* _EXERCISE DESCRIPTION_
Leave out the pictures, and print exactly the lines from the one holding "The legislation orders" through the last line of the material.

---------------

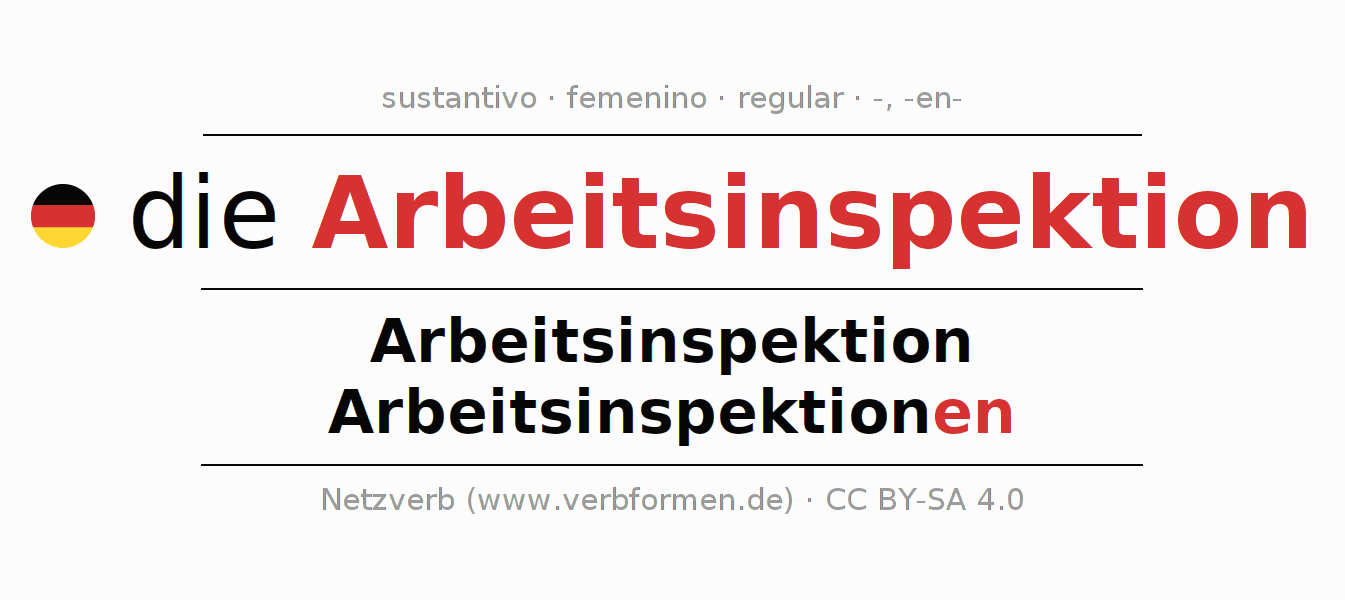 La declinación del sustantivo en forma de tabla con todas su formas: singular, plural y en los cuatro casos: nominativo (primer caso), genitivo (segundo caso), dativo (tercer caso) y acusativo (cuarto caso). Las construcciones gramaticales están representadas de forma clara en una tabla sinópica. La inflexión de los sustantivos es una ayuda durante tareas, exámenes, para cursos de alemán, la universidad, el estudio del alemán como lengua extranjera o como segundo idioma y para estudiantes adultos. La declinación correcta de las palabras es especialmente importante para los que aprenden el idioma alemán. Aquí encontraras más información acerca del tema Wiktionary Arbeitsinspektion y aquí también a través del Duden Arbeitsinspektion.
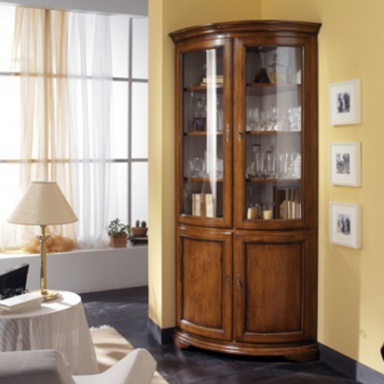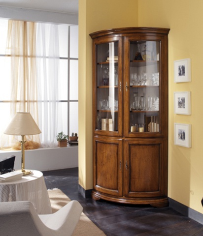 Showcase from Italian manufacturer Mascotto. The frame is made of wood. The finishing - varnish. The door is made of glass. The door closes with a key. The Cabinet is decorated with carved elements. The model is made in classic style. Wardrobe - corner.
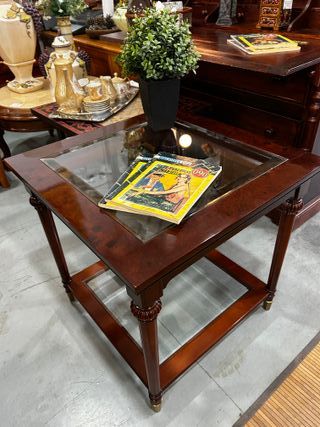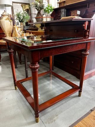 Elegancia y carácter para tu salón. Mesita auxiliar o de centro de alta calidad. Es una pieza con peso, estructura sólida y acabados de ebanistería. • Estilo: Clásico con toques Regencia o Neoclásicos. Destaca por sus patas estilizadas con detalle tallado en la parte superior (forma de anillo o bulbo) y terminaciones en latón/bronce en la base, lo que le da un aire muy sofisticado. • Materiales: Madera maciza de tono caoba/cerezo con una veta preciosa y muy bien conservada. Cuenta con dos niveles de cristal biselado, lo que permite exponer libros de arte o decoración en la parte baja sin recargar el espacio visualmente.
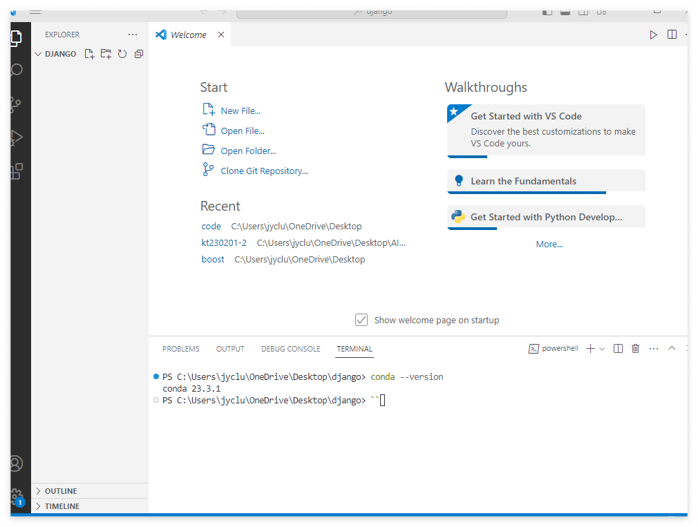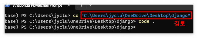code . 코드를 통해 가상환경 VSCODE 실행된다.
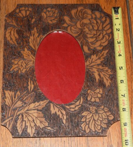 Title (ebay affiliate link): 1911 Pyrographic Pyrography Chrysanthemum Peonie Photo Frame Plaque
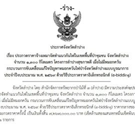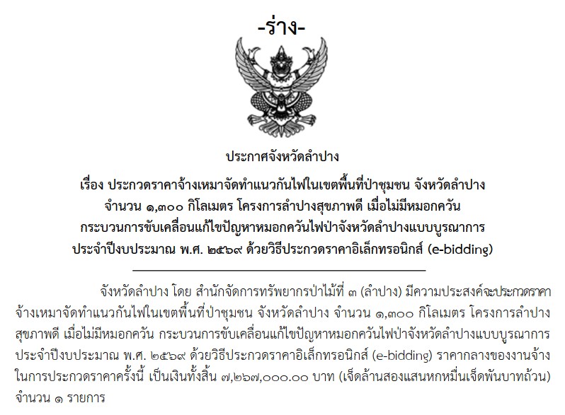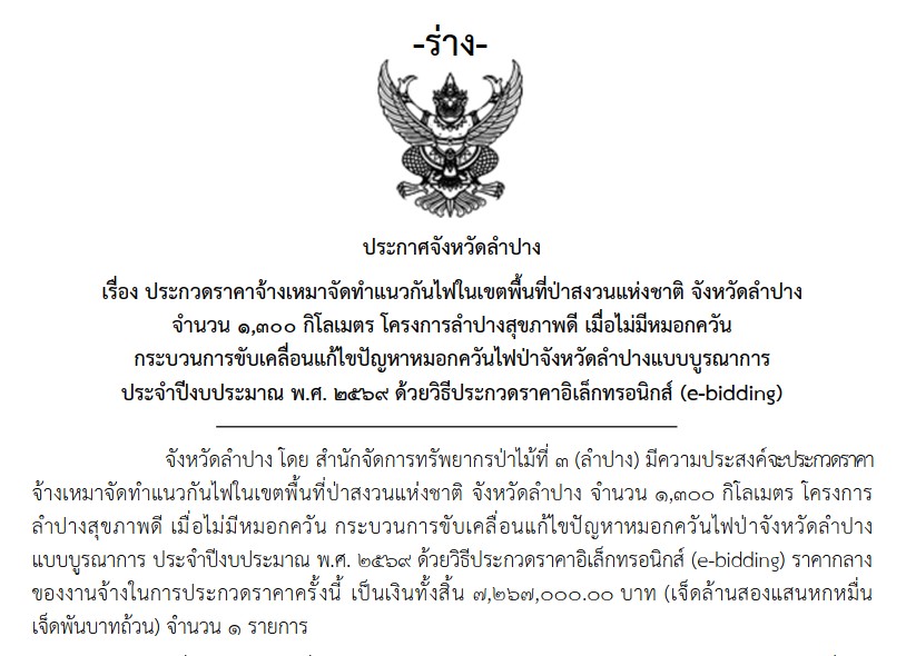 จัดซื้อจัดจ้าง ร่างประกาศจังหวัดลำปาง เรื่อง ประกวดราคาจ้างเหมาจัดทำแนวกันไฟในเขตพื้นที่ป่าชุมชน จังหวัดลำปาง จำนวน 1,300 กิโลเมตร โครงการลำปางสุขภาพดี เมื่อไม่มีหมอกควัน กระบวนการขับเคลื่อนแก้ไขปัญหาหมอกควันไฟป่าจังหวัดลำปางแบบบูรณาการ ประจำปีงบประมาณ พ.ศ. 2569 ด้วยวิธีประกวดราคาอิเล็กทรอนิกส์ (e-bidding) […]
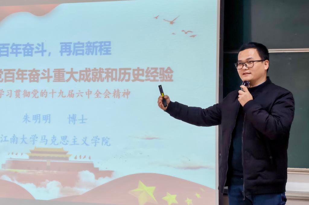 朱明明老师通过丰富的历史资料和事例,回顾了党的百年奋斗重大成就和历史经验。他围绕“一个根本问题”“两个确立”“三个重大”“四个伟大”“五大历史意义”“十个坚持”等内容深入浅出地阐述了党的十九届六中全会的精神实质和核心要义,诠释了“中国共产党为什么能”的深层逻辑和胜利密码,引导同学们学党史、听党话、感恩党,跟党走,从党的百年光辉历程中汲取营养,明晰新征程的奋进方向。朱老师指出,作为入党积极分子,要认真学习和吸收党的十九届六中全会精神,准确把握党的历史发展主题主线,不忘初心,切实做到以史为鉴、开创未来,走好实现第二个百年奋斗目标的新的赶考之路,在新时代新征程上展现新气象新作为。
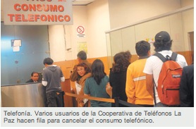 The legislation orders that concluded that deadline, will be cutting service for nonpayment. Manager general of the cooperative phone service in La Paz (Cotel), Victor Estrada, reported yesterday to La Razon, that the company will apply the standard issued by the Executive [government].
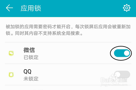 进入到应用锁界面,将需要加密的应用右侧开启设置为开启,见图一...这样别人即使点击了应用图标也是需要验证密码或者指纹才能进入;

---------------

* _ANSWER BOX_
 The legislation orders that concluded that deadline, will be cutting service for nonpayment. Manager general of the cooperative phone service in La Paz (Cotel), Victor Estrada, reported yesterday to La Razon, that the company will apply the standard issued by the Executive [government].
 进入到应用锁界面,将需要加密的应用右侧开启设置为开启,见图一...这样别人即使点击了应用图标也是需要验证密码或者指纹才能进入;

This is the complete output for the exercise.